Dataset content:

○ ○ ○ ○ ○ ○ ○

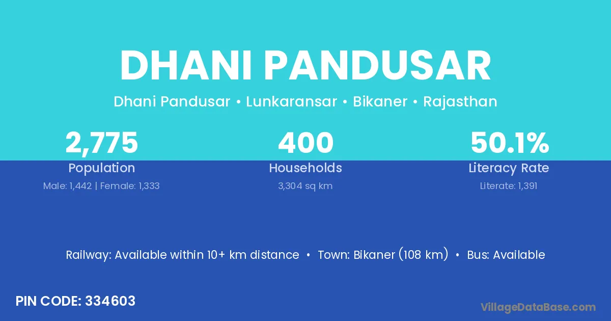 Bikaner (108 km) is the nearest town to Dhani Pandusar village for major economic activities and is located approximately 108 km away.
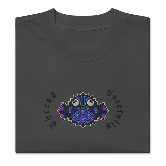 Puffer Fish: Embroidered Premium Oversized faded t-shirt
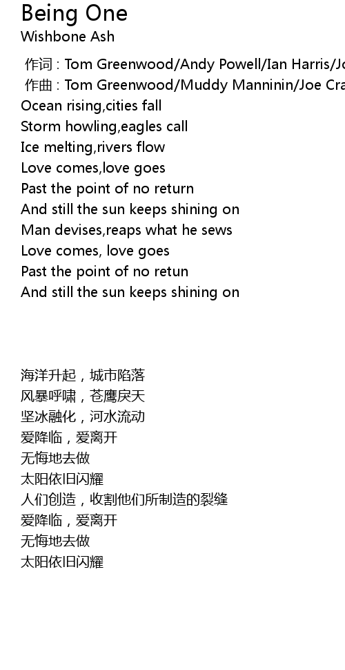 | [00:00.000] | zuò cí : Tom Greenwood Andy Powell Ian Harris Joe Crabtree |
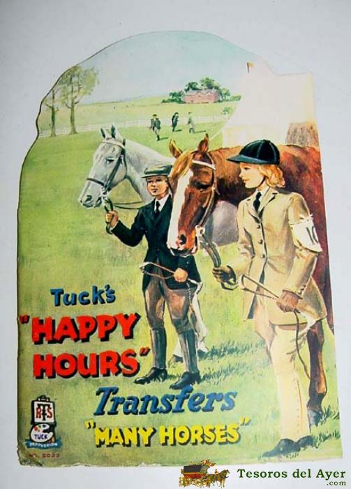 ANTIGUO CUENTO CON CALCAMONIAS INGLESAS - TUCK´S HAPPY HOURS - TRANSFERS - MANY HORSES - RAPHAEL TUCK & SONS LTD. MUY BUEN ESTADO DE CONSERVACION. A TUCK BOOK. PERTENECIA AL MUESTRARIO DE UN REPRESENTANTE INGLÉS DE CUENTOS CON SELLO EN LA PORTADA QUE PONE
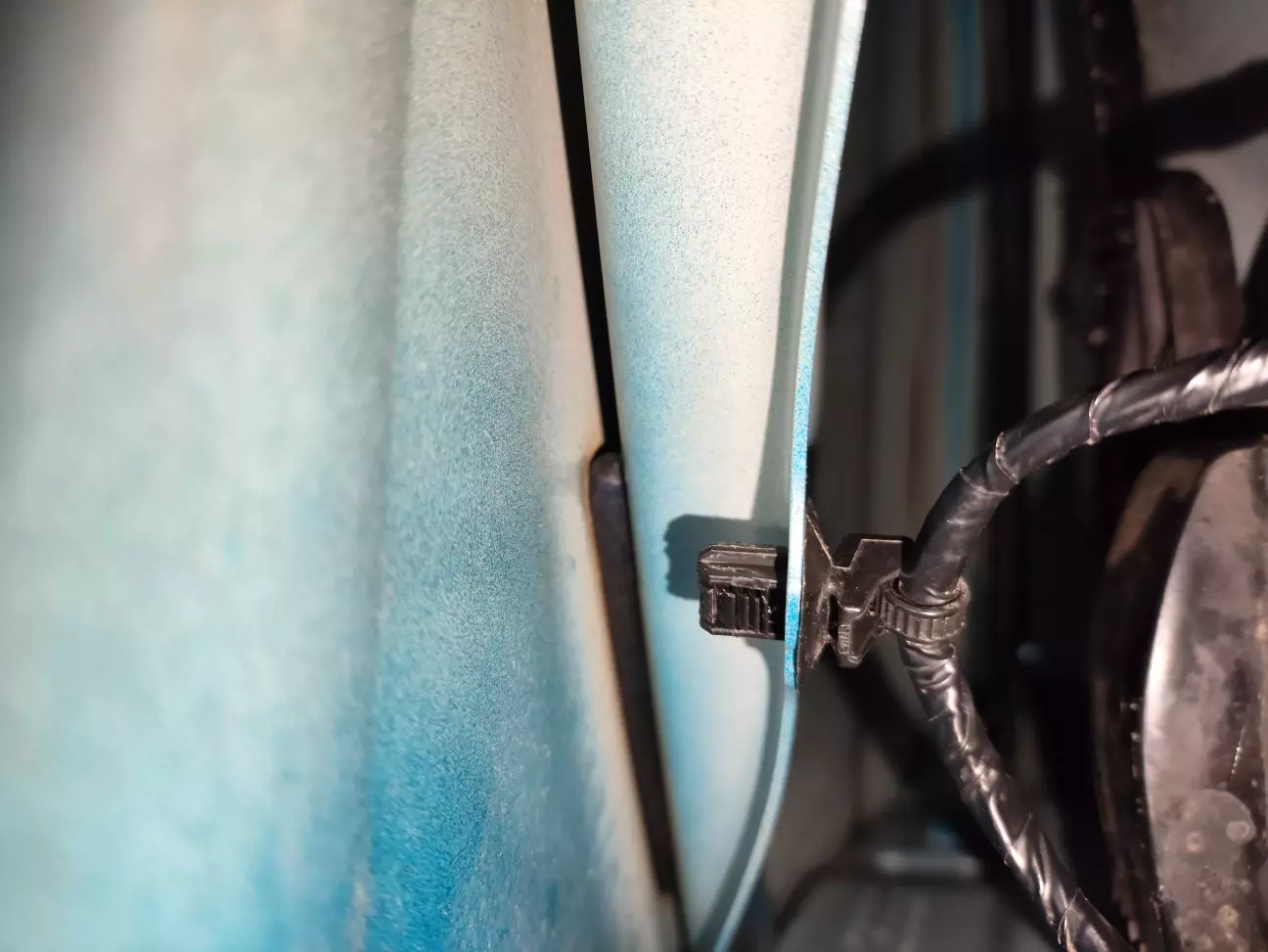 Всередині двері кабель кріпимо на штатне місце пластиковою стяжкою.
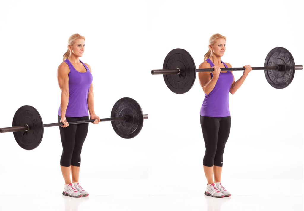- Stand tall, and grip the barbell with palms facing up (shoulder-width).
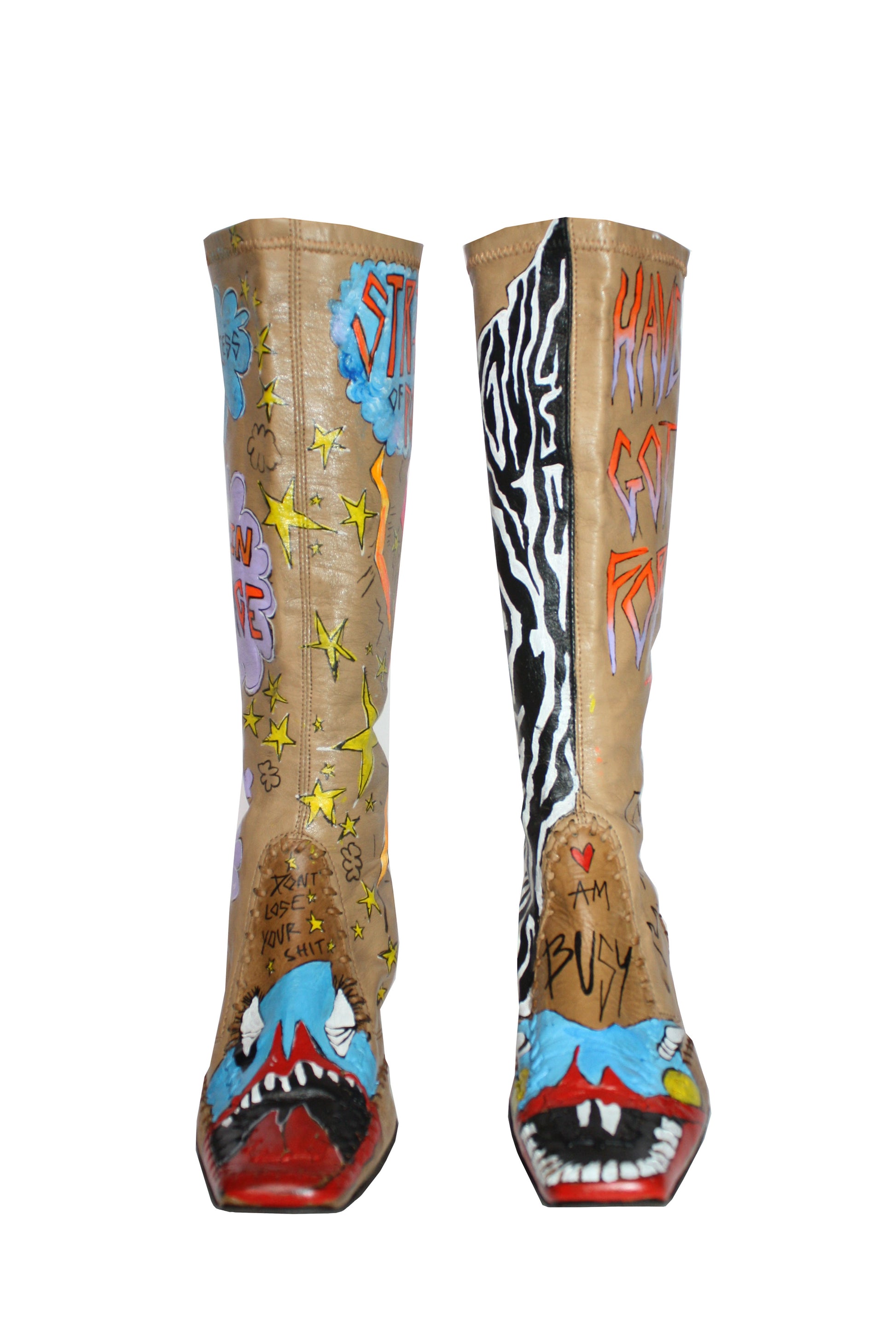 Kicking our way into boot season with the power of POSITIVITY. I mean how can you not look into those beaming, cheeky, blue faces and not feel positive? Clouds, zebras, stars and cows all collide together, now bask in your brilliance wearing them😛
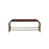 Two-toned walnut burl and birdseye maple waterfall cocktail table. Brass stretcher bars and details.
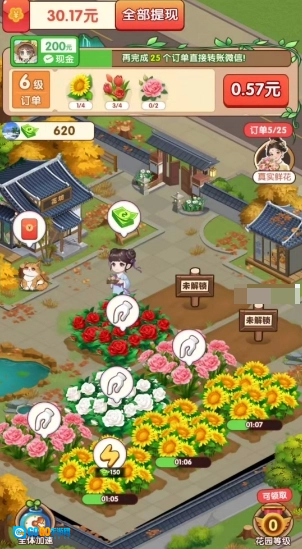 3、持续完成订单,我们就能解锁更多种类的花朵,体验更丰富有趣的种植乐趣。
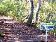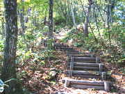階段は途中で急な坂道となり再び階段が続きます。少し歩いては休憩を繰り返し登っていきます。当然、坂道の部分は階段の段数には数えられません・・・・。中腹を過ぎると加美町指定の天然記念物のブナ・サワグルミ・トチの木の原生林が見られます。 |
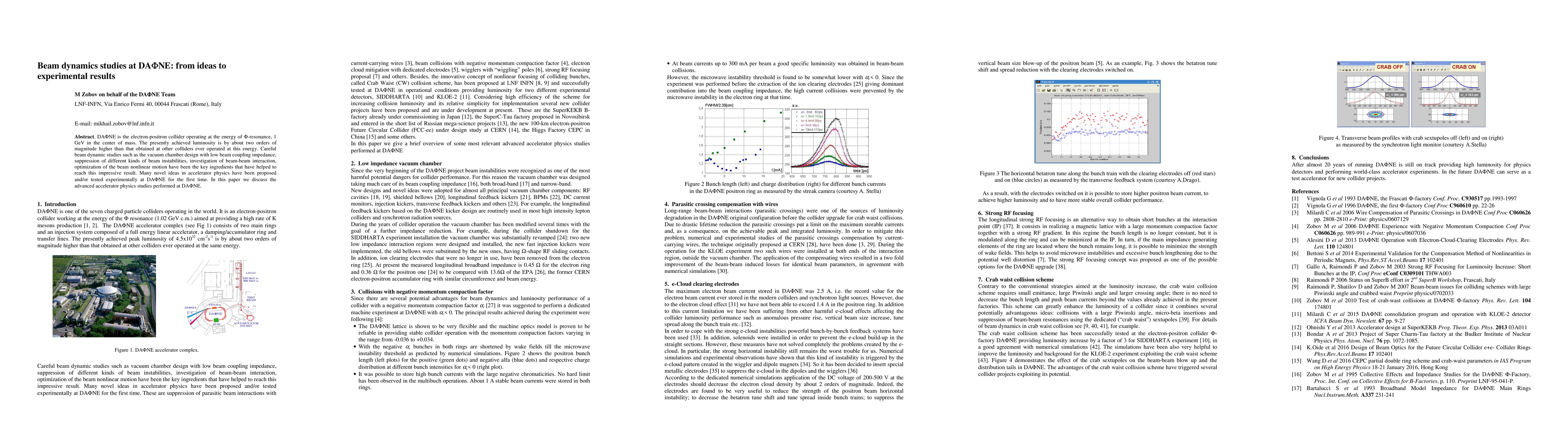 DAFNE is the electron-positron collider operating at the energy of Phi-resonance, 1 GeV in the center of mass. The presently achieved luminosity is by about two orders of magnitude higher than that obtained at other colliders ever operated at this energy. Careful beam dynamic studies such as the vacuum chamber design with low beam coupling impedance, suppression of different kinds of beam instabilities, investigation of beam-beam interaction, optimization of the beam nonlinear motion have been the key ingredients that have helped to reach this impressive result. Many novel ideas in accelerator physics have been proposed and/or tested experimentally at DAFNE for the first time. In this paper we discuss the advanced accelerator physics studies performed at DAFNE.
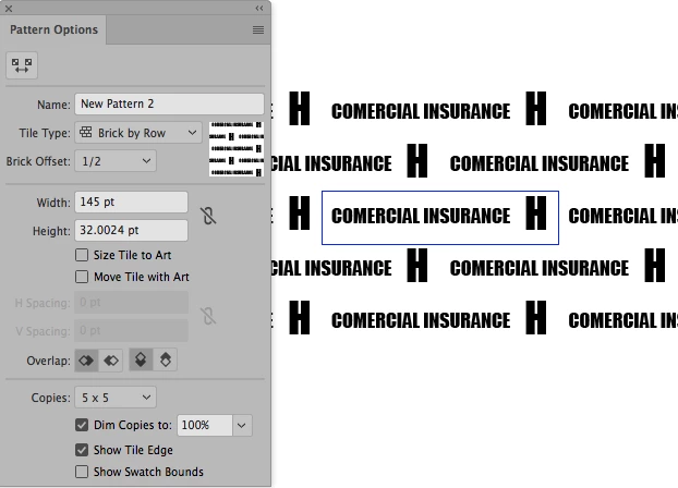 2. In the Patern panel options choose brick by row, Brick offset 1/2, then adjust the width number till you have the distance you want from the H letter and the text, when done hit Esc, your pattern is ready on the swatches pallete
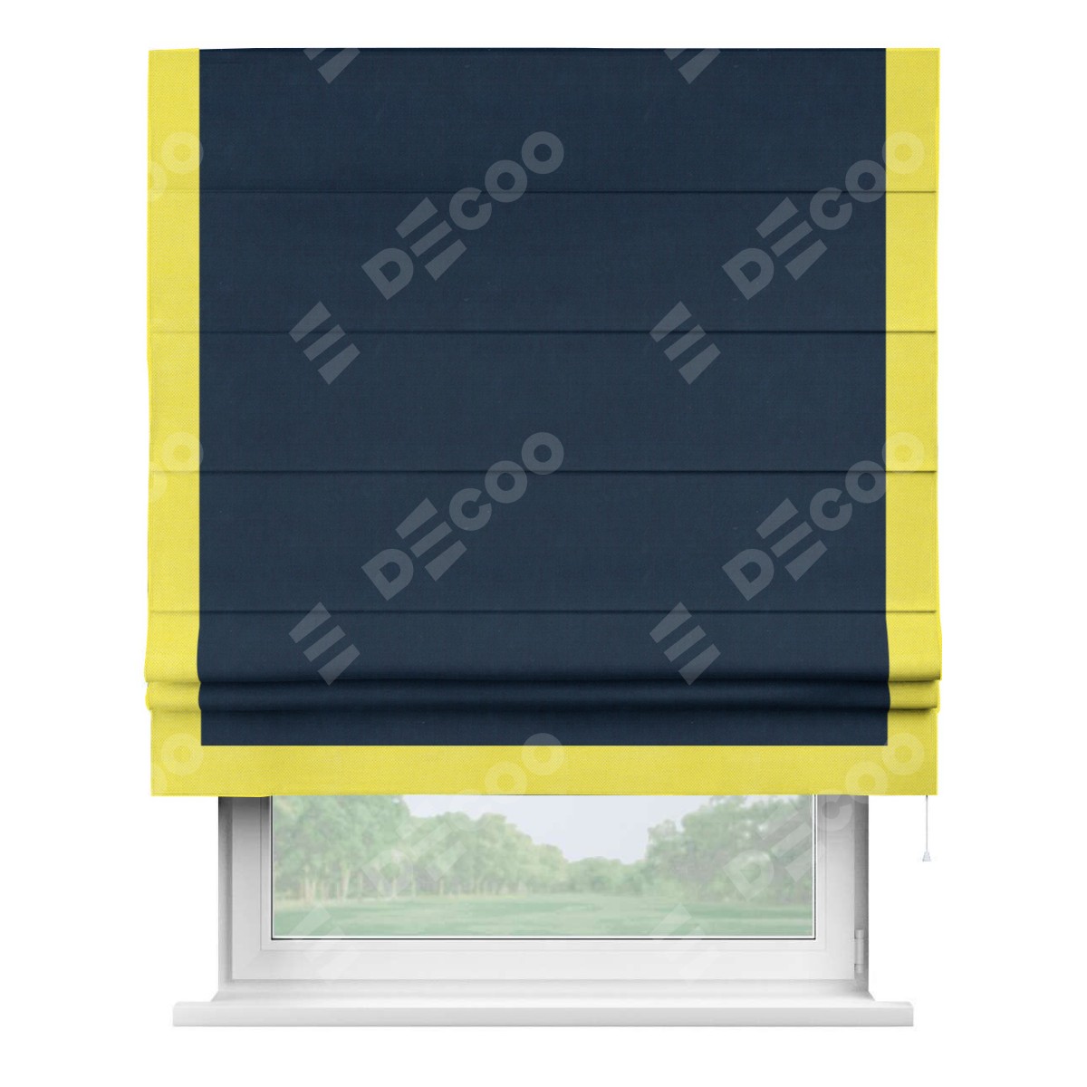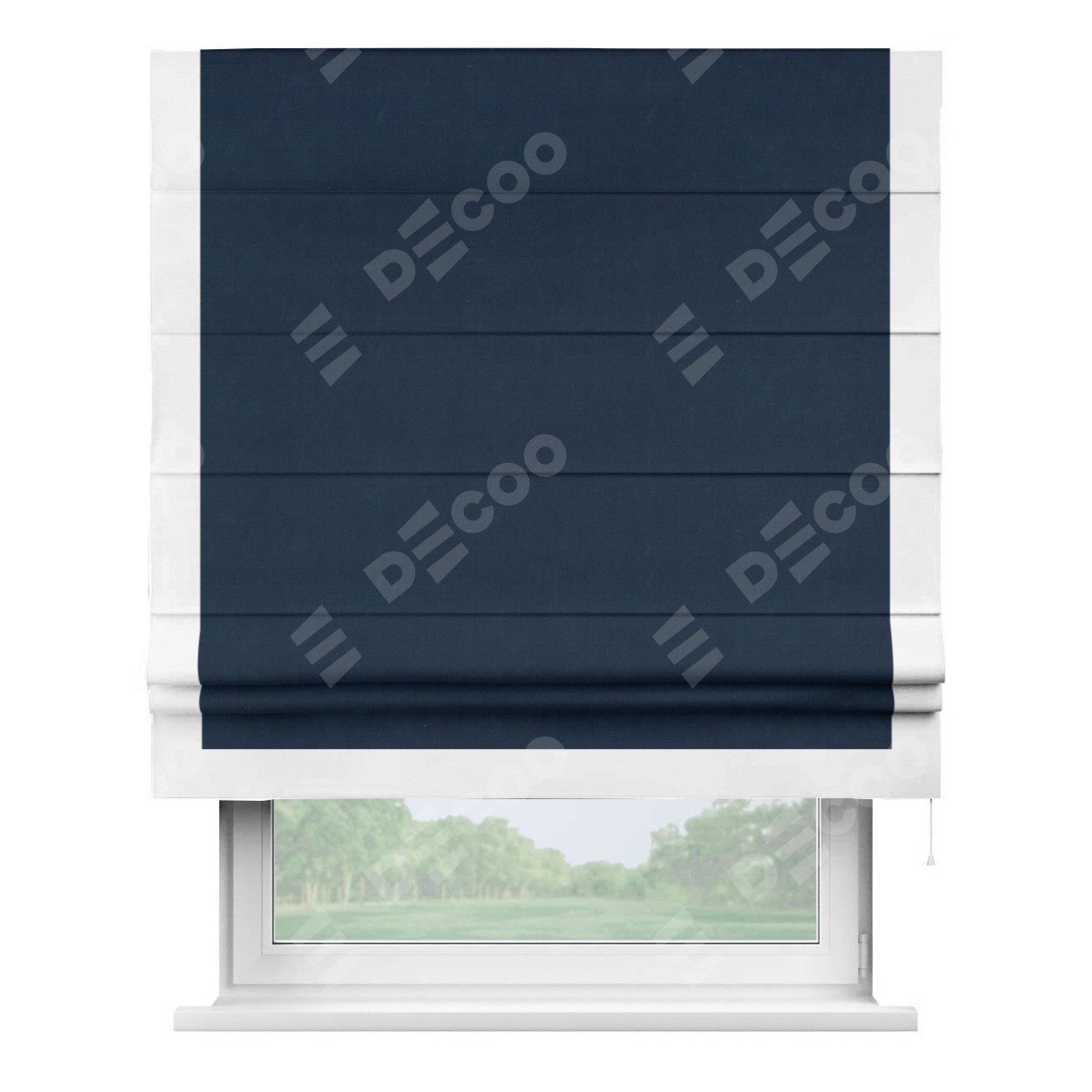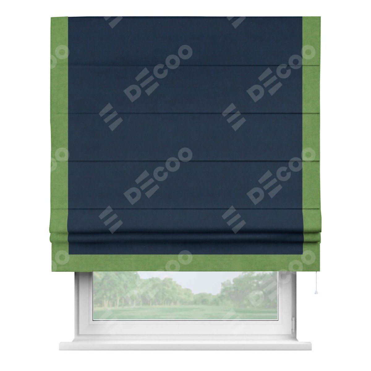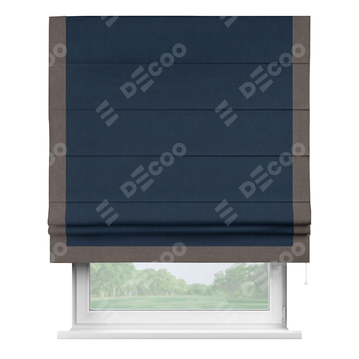 Римская штора производителя «Cortin», используется для проёма, пошита из ткани вельвет темно-синий, артикул ткани 14152. Отделка шторы кантом «Виктория», ткань для канта используется из вельвета разной расцветки на выбор. Имеет универсальный механизм и подходит для монтажа: на потолок, на стену и в нишу.
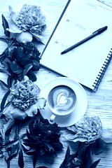 Morning coffee mug for breakfast, empty notebook, pencil and pink peony flowers on white stone table top view in flat lay style.
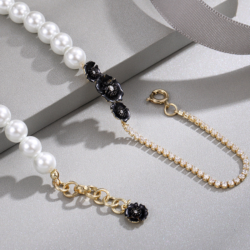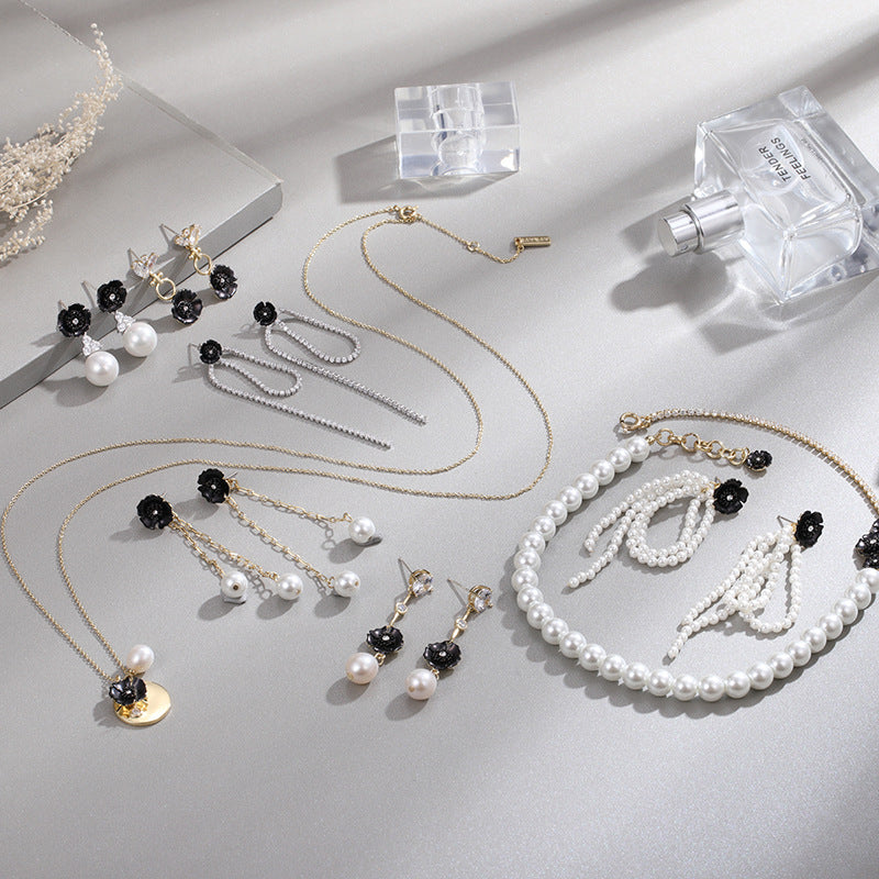 NCN00848珍珠花朵項鏈女 日韓高端復古頸鏈永恒的愛小香風套裝項飾女doublec

○ ○ ○ ○ ○ ○ ○

Your assignment: A verbatim reproduction is expected: starting at the line above that has "- Stand tall, and", ending at the line that has "階段は途中で急な坂道となり再", both included, and with no pictures and no other lines.

Result of the exercise:
- Stand tall, and grip the barbell with palms facing up (shoulder-width).
 Kicking our way into boot season with the power of POSITIVITY. I mean how can you not look into those beaming, cheeky, blue faces and not feel positive? Clouds, zebras, stars and cows all collide together, now bask in your brilliance wearing them😛
 Two-toned walnut burl and birdseye maple waterfall cocktail table. Brass stretcher bars and details.
 3、持续完成订单,我们就能解锁更多种类的花朵,体验更丰富有趣的种植乐趣。
階段は途中で急な坂道となり再び階段が続きます。少し歩いては休憩を繰り返し登っていきます。当然、坂道の部分は階段の段数には数えられません・・・・。中腹を過ぎると加美町指定の天然記念物のブナ・サワグルミ・トチの木の原生林が見られます。 |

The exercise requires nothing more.